» **WHAT THE TASK ASKS**: Your task is to reproduce exactly the lines that run from the beginning of the data through the line where "here to view] |" appears.

____ EXTRACTED ENTRIES

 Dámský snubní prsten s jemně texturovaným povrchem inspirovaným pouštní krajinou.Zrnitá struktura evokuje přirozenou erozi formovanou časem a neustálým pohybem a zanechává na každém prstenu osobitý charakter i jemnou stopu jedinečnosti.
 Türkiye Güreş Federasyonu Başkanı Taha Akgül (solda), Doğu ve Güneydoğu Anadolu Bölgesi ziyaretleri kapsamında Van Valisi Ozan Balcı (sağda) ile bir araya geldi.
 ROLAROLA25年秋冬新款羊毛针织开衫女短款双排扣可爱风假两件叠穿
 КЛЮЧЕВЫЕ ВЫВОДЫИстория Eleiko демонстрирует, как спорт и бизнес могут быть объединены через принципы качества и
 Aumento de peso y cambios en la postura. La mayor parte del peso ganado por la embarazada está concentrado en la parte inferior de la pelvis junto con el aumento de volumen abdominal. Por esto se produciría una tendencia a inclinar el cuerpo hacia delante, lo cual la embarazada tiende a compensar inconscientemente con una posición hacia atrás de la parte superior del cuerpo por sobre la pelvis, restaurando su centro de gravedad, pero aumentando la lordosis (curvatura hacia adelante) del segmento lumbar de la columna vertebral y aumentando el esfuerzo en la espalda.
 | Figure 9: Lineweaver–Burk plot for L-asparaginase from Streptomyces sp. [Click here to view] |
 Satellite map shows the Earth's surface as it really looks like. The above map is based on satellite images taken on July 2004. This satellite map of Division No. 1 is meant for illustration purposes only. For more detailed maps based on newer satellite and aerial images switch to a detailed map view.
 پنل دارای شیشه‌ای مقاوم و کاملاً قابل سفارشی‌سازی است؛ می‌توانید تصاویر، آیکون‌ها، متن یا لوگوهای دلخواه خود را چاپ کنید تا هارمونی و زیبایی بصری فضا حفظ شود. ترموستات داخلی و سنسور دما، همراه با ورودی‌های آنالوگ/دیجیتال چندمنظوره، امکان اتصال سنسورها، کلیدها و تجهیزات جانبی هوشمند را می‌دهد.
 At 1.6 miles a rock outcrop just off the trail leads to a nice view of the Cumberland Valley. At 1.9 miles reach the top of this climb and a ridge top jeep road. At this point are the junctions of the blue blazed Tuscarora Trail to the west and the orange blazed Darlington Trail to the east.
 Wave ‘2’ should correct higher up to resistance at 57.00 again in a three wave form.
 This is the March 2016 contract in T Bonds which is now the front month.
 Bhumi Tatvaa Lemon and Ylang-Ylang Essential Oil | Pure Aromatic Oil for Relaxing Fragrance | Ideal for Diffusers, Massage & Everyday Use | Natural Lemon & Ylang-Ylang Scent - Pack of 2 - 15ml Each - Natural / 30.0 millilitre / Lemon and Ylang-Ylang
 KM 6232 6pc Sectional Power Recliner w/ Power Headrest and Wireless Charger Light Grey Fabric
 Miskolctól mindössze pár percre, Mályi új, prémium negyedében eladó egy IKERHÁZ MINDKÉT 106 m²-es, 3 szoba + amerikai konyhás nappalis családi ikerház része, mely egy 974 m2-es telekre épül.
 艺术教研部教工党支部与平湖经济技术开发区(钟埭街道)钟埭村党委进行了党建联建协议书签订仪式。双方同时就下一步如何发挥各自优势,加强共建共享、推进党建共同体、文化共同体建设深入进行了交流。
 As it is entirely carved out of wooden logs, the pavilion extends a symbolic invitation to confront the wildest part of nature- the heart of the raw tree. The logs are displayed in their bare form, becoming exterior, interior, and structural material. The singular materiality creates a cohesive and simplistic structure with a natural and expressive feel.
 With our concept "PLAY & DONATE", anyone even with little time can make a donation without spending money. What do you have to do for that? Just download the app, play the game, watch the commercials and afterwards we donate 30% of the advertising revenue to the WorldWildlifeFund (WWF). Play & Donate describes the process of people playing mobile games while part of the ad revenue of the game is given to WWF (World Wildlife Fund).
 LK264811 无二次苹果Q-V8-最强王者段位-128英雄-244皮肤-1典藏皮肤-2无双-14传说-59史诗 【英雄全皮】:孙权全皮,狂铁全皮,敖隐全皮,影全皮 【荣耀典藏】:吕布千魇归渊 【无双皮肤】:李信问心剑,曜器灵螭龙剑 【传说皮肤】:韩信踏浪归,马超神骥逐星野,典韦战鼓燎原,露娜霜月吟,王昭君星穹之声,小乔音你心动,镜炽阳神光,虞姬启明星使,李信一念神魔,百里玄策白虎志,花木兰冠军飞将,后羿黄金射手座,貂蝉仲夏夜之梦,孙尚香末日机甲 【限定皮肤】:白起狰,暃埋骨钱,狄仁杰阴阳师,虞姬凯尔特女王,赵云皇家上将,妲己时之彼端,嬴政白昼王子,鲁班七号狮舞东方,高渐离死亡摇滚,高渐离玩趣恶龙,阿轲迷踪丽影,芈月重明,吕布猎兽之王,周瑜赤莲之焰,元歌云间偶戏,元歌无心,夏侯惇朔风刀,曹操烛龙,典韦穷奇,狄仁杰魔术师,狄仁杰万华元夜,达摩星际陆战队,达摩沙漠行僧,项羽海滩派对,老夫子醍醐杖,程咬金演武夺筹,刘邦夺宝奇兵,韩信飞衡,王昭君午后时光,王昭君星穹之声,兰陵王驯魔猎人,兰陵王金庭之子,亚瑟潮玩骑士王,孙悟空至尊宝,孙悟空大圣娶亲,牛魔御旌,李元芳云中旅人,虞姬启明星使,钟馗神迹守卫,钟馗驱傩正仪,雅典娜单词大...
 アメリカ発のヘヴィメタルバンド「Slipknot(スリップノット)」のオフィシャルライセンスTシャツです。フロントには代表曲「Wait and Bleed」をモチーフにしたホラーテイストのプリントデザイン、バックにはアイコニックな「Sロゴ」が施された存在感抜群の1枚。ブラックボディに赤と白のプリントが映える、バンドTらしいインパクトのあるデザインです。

________

» **COMPLETED TASK**:
 Dámský snubní prsten s jemně texturovaným povrchem inspirovaným pouštní krajinou.Zrnitá struktura evokuje přirozenou erozi formovanou časem a neustálým pohybem a zanechává na každém prstenu osobitý charakter i jemnou stopu jedinečnosti.
 Türkiye Güreş Federasyonu Başkanı Taha Akgül (solda), Doğu ve Güneydoğu Anadolu Bölgesi ziyaretleri kapsamında Van Valisi Ozan Balcı (sağda) ile bir araya geldi.
 ROLAROLA25年秋冬新款羊毛针织开衫女短款双排扣可爱风假两件叠穿
 КЛЮЧЕВЫЕ ВЫВОДЫИстория Eleiko демонстрирует, как спорт и бизнес могут быть объединены через принципы качества и
 Aumento de peso y cambios en la postura. La mayor parte del peso ganado por la embarazada está concentrado en la parte inferior de la pelvis junto con el aumento de volumen abdominal. Por esto se produciría una tendencia a inclinar el cuerpo hacia delante, lo cual la embarazada tiende a compensar inconscientemente con una posición hacia atrás de la parte superior del cuerpo por sobre la pelvis, restaurando su centro de gravedad, pero aumentando la lordosis (curvatura hacia adelante) del segmento lumbar de la columna vertebral y aumentando el esfuerzo en la espalda.
 | Figure 9: Lineweaver–Burk plot for L-asparaginase from Streptomyces sp. [Click here to view] |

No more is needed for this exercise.